Other workforce development skills job-seekers need, according to roundtable participants, include preparation for interviewing, help with putting together an effective resume and knowledge of workplace etiquette such as proper attire, good interpersonal skills and attendance expectations.

Adams said she was pleased with the information she and others at CFCC gleaned from the roundtable.

“It’s one thing for us, the college community, to educate people about what we think local employers are looking for, but after having spoken with the employers that attended this morning, we can say with confidence that we know what these companies want and we can more fully prepare individuals for the recruitment and hiring process.”

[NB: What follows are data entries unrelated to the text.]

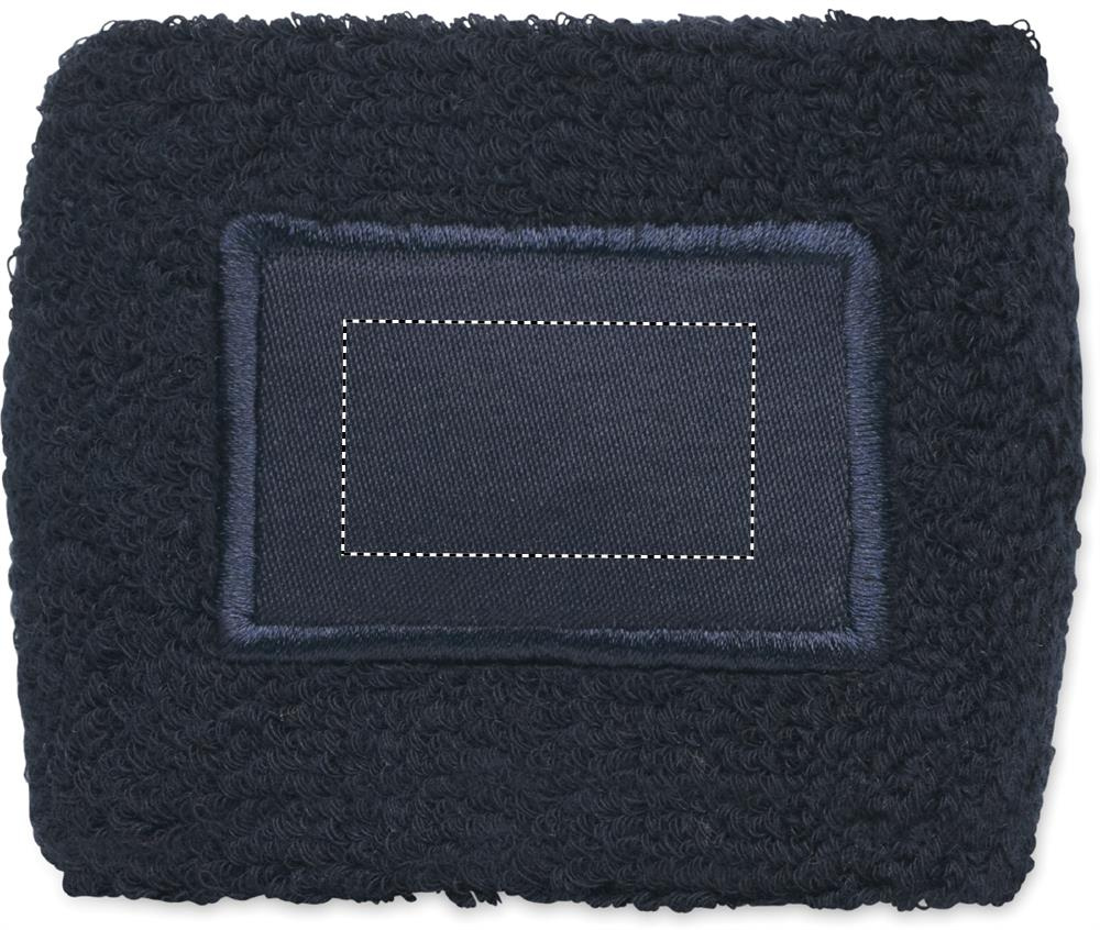 Puuvilla-polyesteristä (79% puuvillaa/13 % elastaania/8 % polyesteriä) valmistettu ranneke, jossa puuvillamerkki painatusta varten.
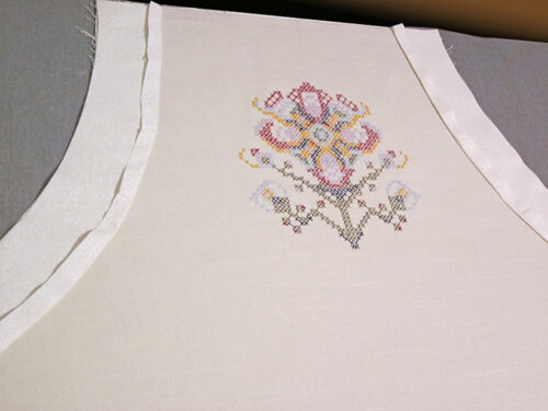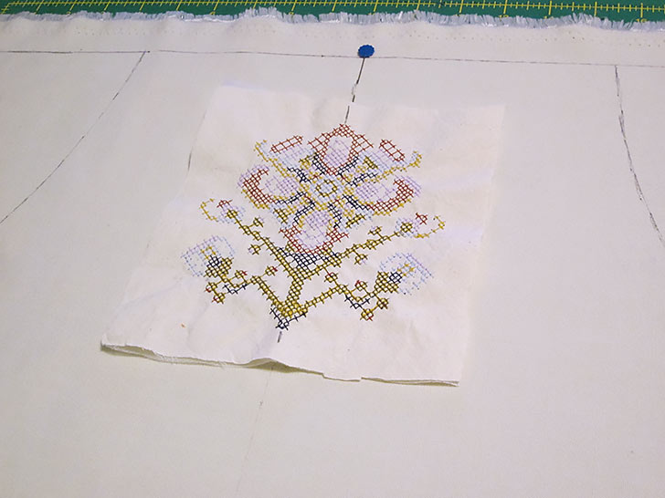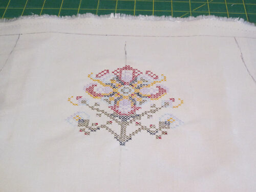 - Place the test stitch-out on the apron panel, centering it side to side between the drawn armhole curves. Our enlarged cross stitch flower was positioned so the very top-most point of the design’s center line was approximately 2½” down from the top raw edge of the panel. Mark the center line of the design as well as the top-most and bottom-most points of the design.
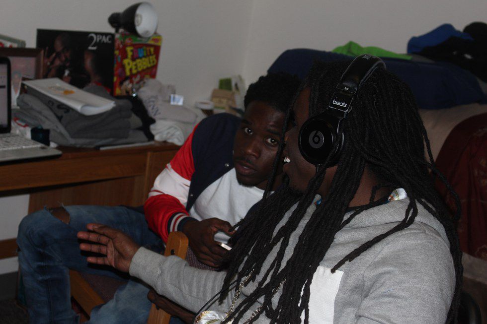 “Boy, it’s a good thing I wasn’t getting jumped,” he says referring to both my habit of not picking up the phone and my lack of punctuality. As I look around the room, Cartier Caetano, another Broward artist on the come-up, smiles from the makeshift studio in the dorm room, along with the Gutta Twins, two local legends, from the desk.
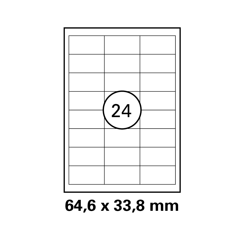 Λευκή ετικέτα για εκτυπώσεις laser,copy,inkjet, διαστάσεων 64,6x33,8mm σε φύλλο Α4. φύλλα/πακέτο: 100. ετικέτες/πακέτο: 2400
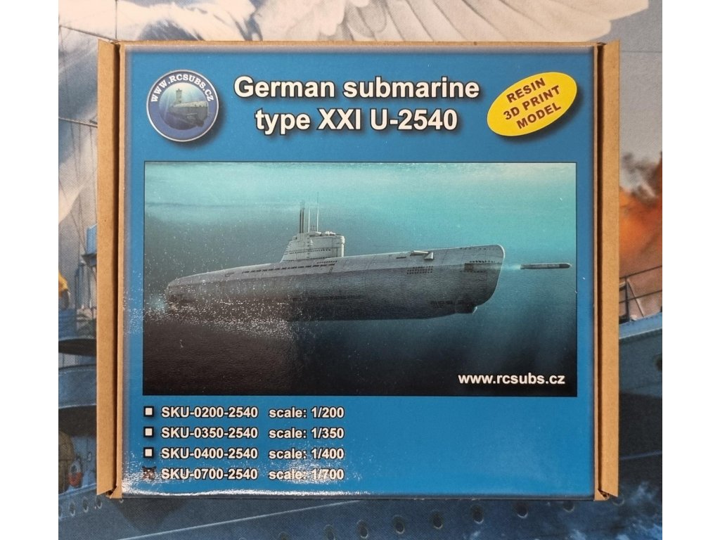 RCsubs Nemecká ponorka Typ XXI U-2540 1/700 je vysoko detailná resinová stavebnica nemeckej ponorky Typ XXI z konca druhej svetovej vojny s precízne vymodelovaným trupom, detailnou vežou a možnosťou odkryť interiér. Balenie neobsahuje farby ani lepidlo potrebné na zostavenie.
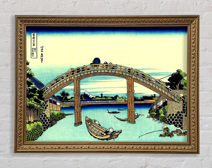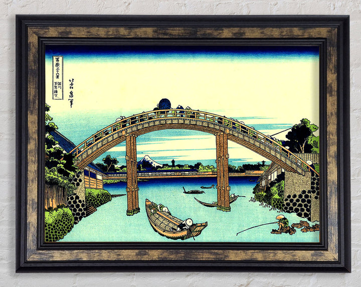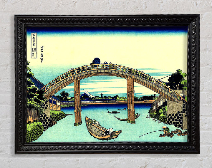 Gerahmter Druck „Hokusai Fuji gesehen durch die Mannenbrücke“, erhältlich in mehreren Rahmenfarben. Fertig zum Aufhängen aus der Schachtel und handgefertigt im Vereinigten Königreich.
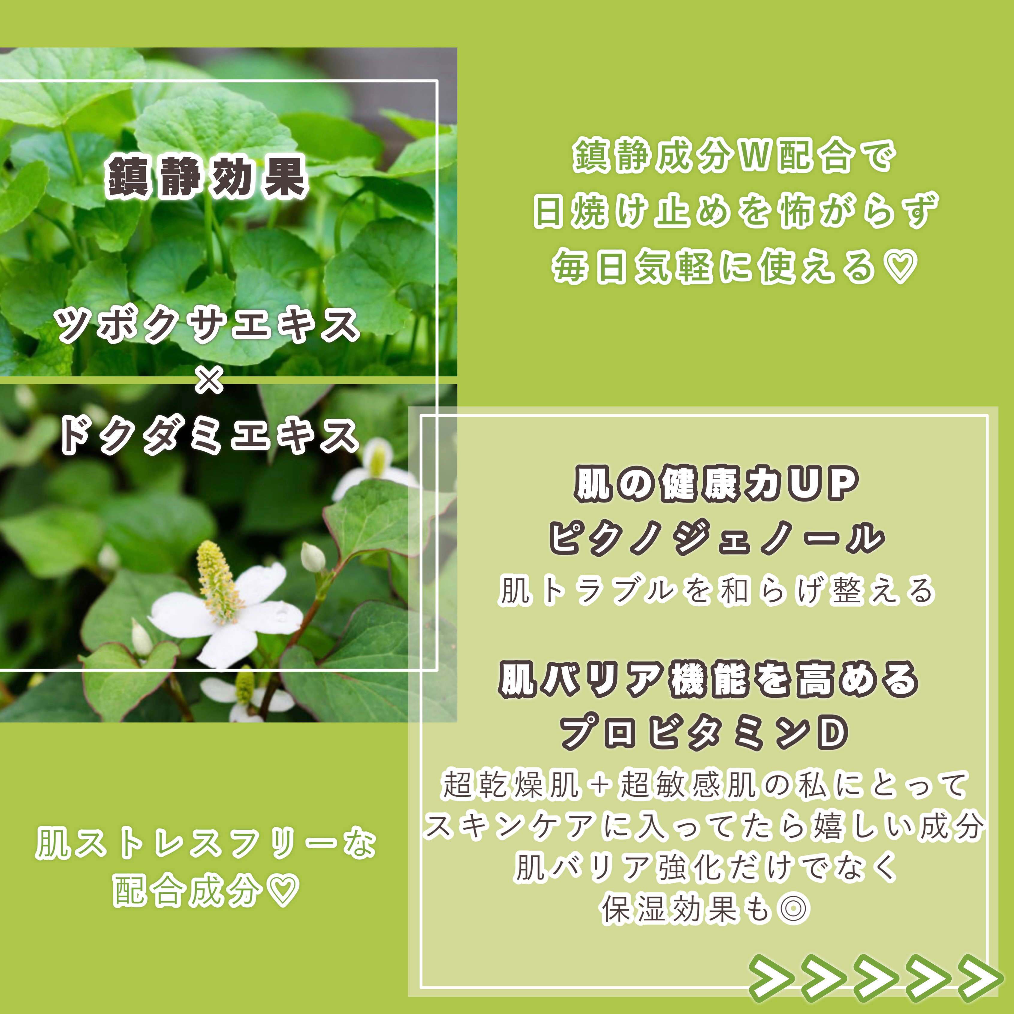 - 肌への負担感の少ない使い心地でしっかり紫外線をカットする日焼け止めです。無機系(紫外線散乱剤)の日焼け止めなので、肌で光を跳ね返し、紫外線が肌に吸収されないようにします。 塗った瞬間から紫外線を反射し、白浮きしにくくモロモロも出にくいので化粧の邪魔にもなりません。 保湿成分もたくさん配合しており、ツボクサ*やドクダミ*は、肌を整え肌荒れを防ぎ、敏感な肌を乾燥などの外部の刺激から守ります。ピクノジェノール*は紫外線による刺激から肌を守り、プロビタミンD*は肌のバリア機能をサポートします。 *整肌成分
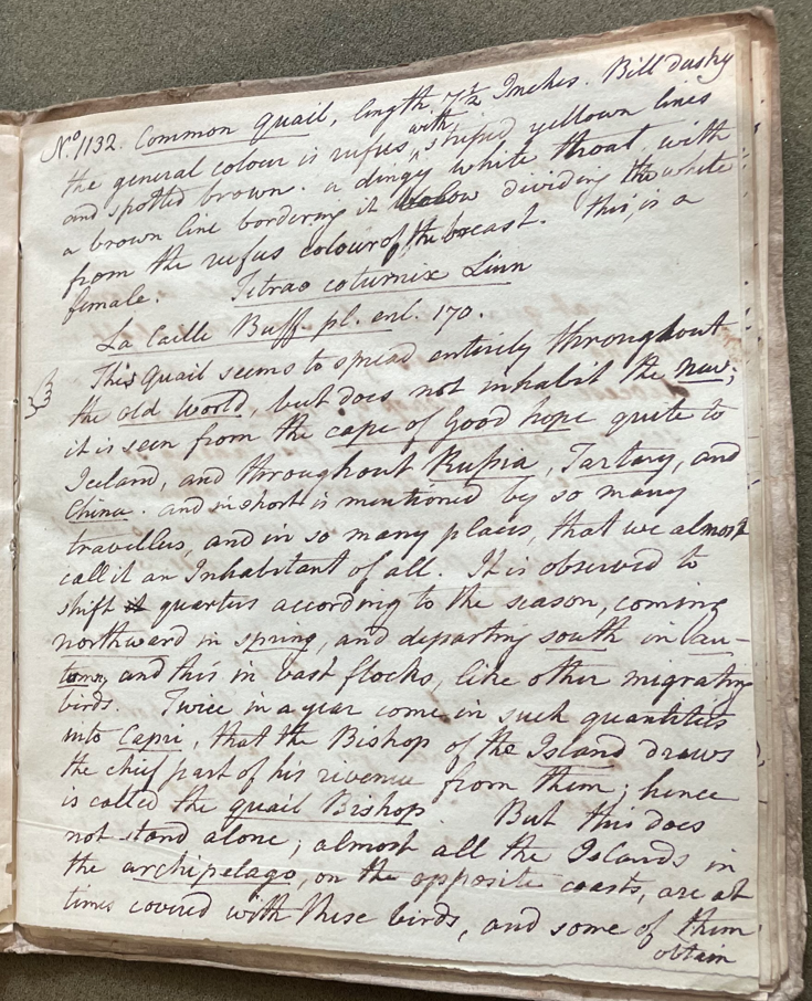 Charles Willson Peale (1741-1827) wrote, in his 30th Lecture (ca. 1799): "No. 1132. Common Quail. Length 7 ½ Inches. Bill dusky; the general colour is rufus, with striped yellow lines and spotted brown; a dingy white throat, with a brown line bordering it, diving the white from the rufus colours of the breast. This is a female. Tetrao coturnix Linn. La Caille. Buff. pl. enl. 170. This quail seems to spread entirely throughout the Old World, but does not inhabit the New; it is seen from the Cape of Good Hope quite to Iceland, and throughout Russia, Tartary, and China, and in short is mentioned by so many travelers, and in so many places, that we almost call it an Inhabitant of All. It is observed to shift quarters according to the season, coming northward in spring, and departing south in Autumn; and this in vast flocks, like other migratory birds. Twice in a year come in such quantities into Capri, that the Bishop of the Island draws the chief part of his [revenue] from them; hence [it] is called the Quail Bishop." (Academy of Natural Sciences of Drexel University Archives, coll. 40)
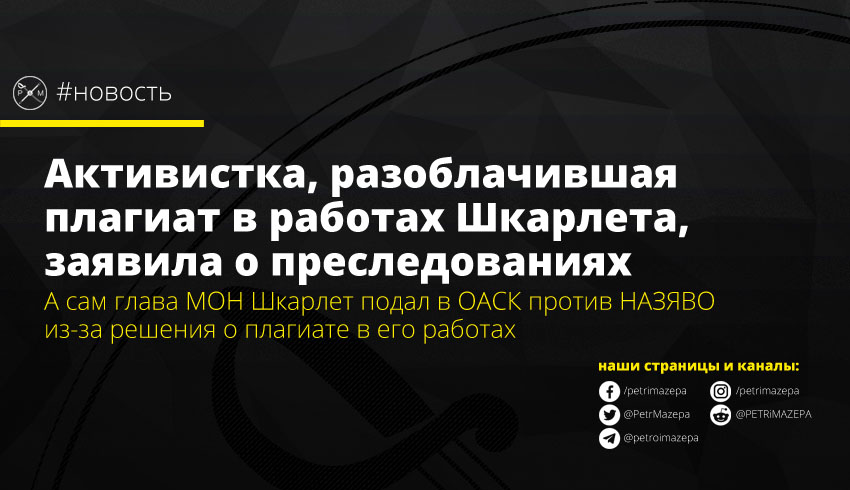 Активистка, разоблачившая плагиат в работах Шкарлета, заявила о преследованиях
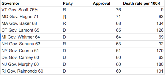 When you compare the COVID-19 job performance ratings of U.S. governors, you’ll find that of the ten at the top of the list (highest approval), eight of them are governors of states whose coronavirus death rates are over 60, per 100,000 people — a number that is well above average. Of the eight, six are Democrats. This includes Andrew Cuomo (who comes in at #7, with the second highest death-rate in the country), and New Jersey governor, Phil Murphy (who’s tied at #8, with the top death-rate of all 50 states).
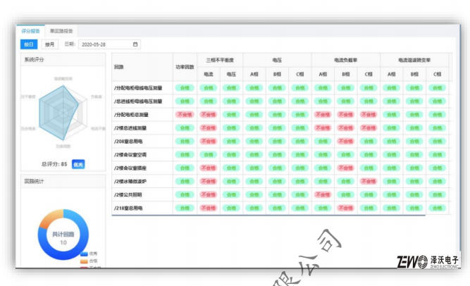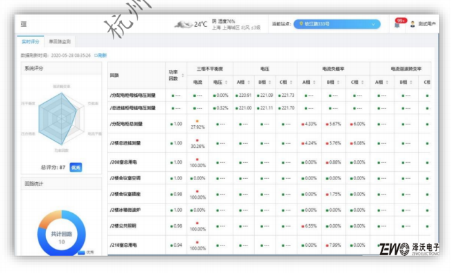 查询显示各回路的电能质量实付监测信息,包括功率因数、三相不平衡、电 压谐波、电流谐波畸变率、负载率等。以雷达图、环形图给出电能质量综合评分。

Companies represented at the event were CastleBranch Corp., OrthoWilmington, PPD, Wilmington Health, New Hanover Regional Medical Center, Hilton Wilmington Riverside, Verizon, YS Companies, Greene Resources and United Way of the Cape Fear Area. Participants also included representatives of the Wilmington office of the N.C. Division of Workforce Services. 

The Department of Continuing Education will present seven basic workforce development classes this fall: Employability Lab, Computers and the Job Search, Back to Work Bootcamp, Got the Job? Keep the Job!, Social Media for Employment, Building Financial Freedom and Interview EXPERT. The classes are free of charge to people who are unemployed, underemployed or have been notified of an impending layoff.